- Excerpted data:
• • •
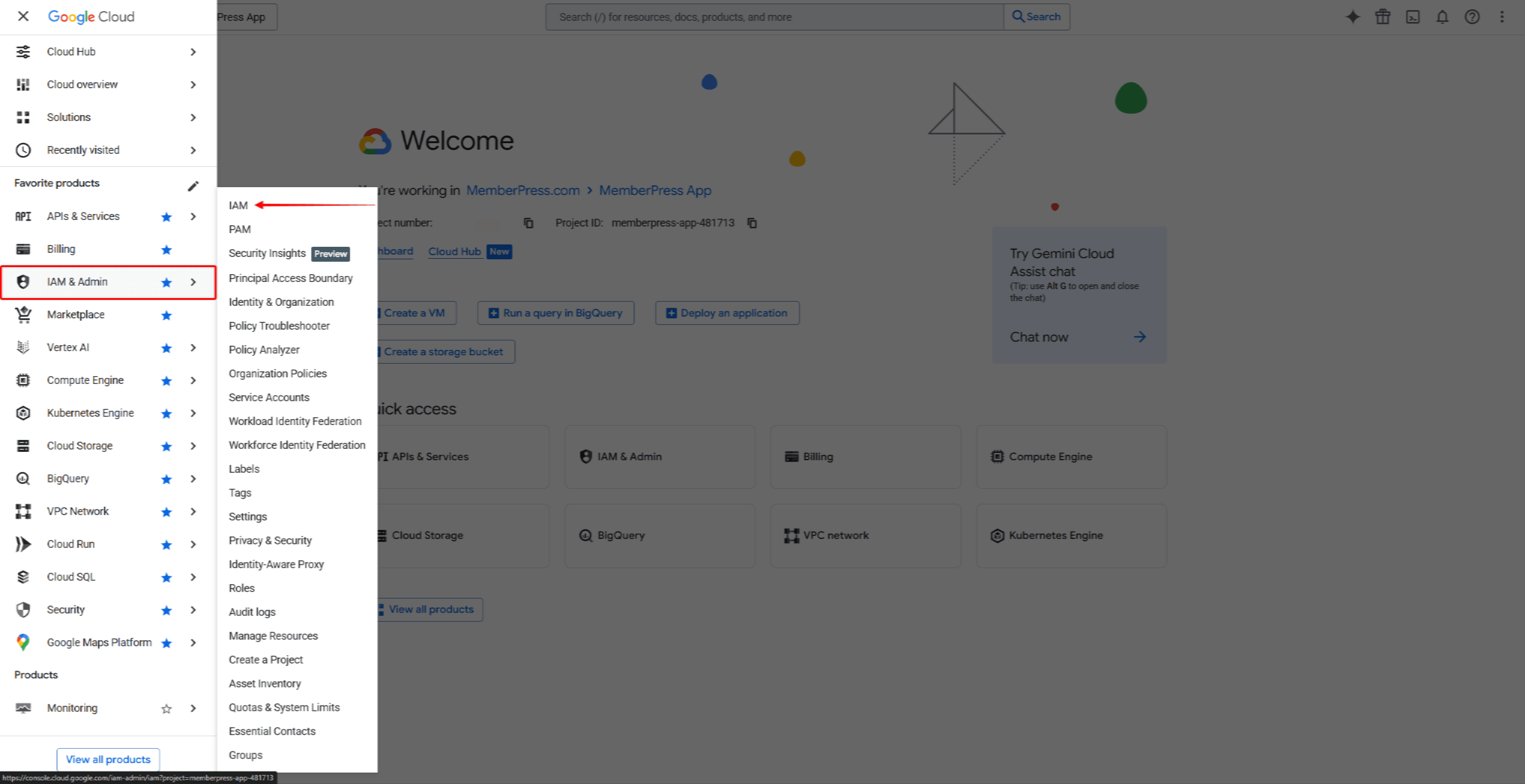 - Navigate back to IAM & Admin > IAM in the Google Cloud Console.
• • •
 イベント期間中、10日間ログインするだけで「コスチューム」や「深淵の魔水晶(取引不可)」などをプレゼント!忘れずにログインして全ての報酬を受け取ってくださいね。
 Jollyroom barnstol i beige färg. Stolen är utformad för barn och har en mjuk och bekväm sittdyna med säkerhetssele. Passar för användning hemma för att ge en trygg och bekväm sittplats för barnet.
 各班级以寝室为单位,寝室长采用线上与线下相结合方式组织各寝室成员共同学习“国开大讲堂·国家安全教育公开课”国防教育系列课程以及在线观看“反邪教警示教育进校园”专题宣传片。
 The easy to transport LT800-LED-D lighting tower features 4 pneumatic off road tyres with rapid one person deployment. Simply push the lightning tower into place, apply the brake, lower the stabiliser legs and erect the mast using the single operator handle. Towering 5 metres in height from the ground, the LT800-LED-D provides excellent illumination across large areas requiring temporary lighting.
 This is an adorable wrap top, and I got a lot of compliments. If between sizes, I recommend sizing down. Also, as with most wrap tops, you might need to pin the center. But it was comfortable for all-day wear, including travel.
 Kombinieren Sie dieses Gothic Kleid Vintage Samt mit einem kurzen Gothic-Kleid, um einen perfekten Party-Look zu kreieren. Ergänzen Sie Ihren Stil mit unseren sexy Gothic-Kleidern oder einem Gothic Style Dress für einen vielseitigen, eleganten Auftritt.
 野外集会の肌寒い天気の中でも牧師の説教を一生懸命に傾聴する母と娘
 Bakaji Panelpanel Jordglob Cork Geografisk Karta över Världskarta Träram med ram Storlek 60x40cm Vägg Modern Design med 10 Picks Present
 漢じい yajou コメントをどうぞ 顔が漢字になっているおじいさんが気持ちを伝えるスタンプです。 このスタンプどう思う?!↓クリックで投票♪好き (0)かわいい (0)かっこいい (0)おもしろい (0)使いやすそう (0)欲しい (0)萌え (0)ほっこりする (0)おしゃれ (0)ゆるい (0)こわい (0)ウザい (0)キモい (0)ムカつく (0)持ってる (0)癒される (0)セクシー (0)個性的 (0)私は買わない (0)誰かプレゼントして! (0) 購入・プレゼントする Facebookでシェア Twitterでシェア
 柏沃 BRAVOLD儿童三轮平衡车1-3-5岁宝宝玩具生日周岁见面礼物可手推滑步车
• • •
- What is required:
Word for word, restate the lines of the listing above starting at the line with "Jollyroom barnstol i" and ending at the line with "各班级以寝室为单位,寝室长采", and nothing outside them.

- Response below:
 Jollyroom barnstol i beige färg. Stolen är utformad för barn och har en mjuk och bekväm sittdyna med säkerhetssele. Passar för användning hemma för att ge en trygg och bekväm sittplats för barnet.
 各班级以寝室为单位,寝室长采用线上与线下相结合方式组织各寝室成员共同学习“国开大讲堂·国家安全教育公开课”国防教育系列课程以及在线观看“反邪教警示教育进校园”专题宣传片。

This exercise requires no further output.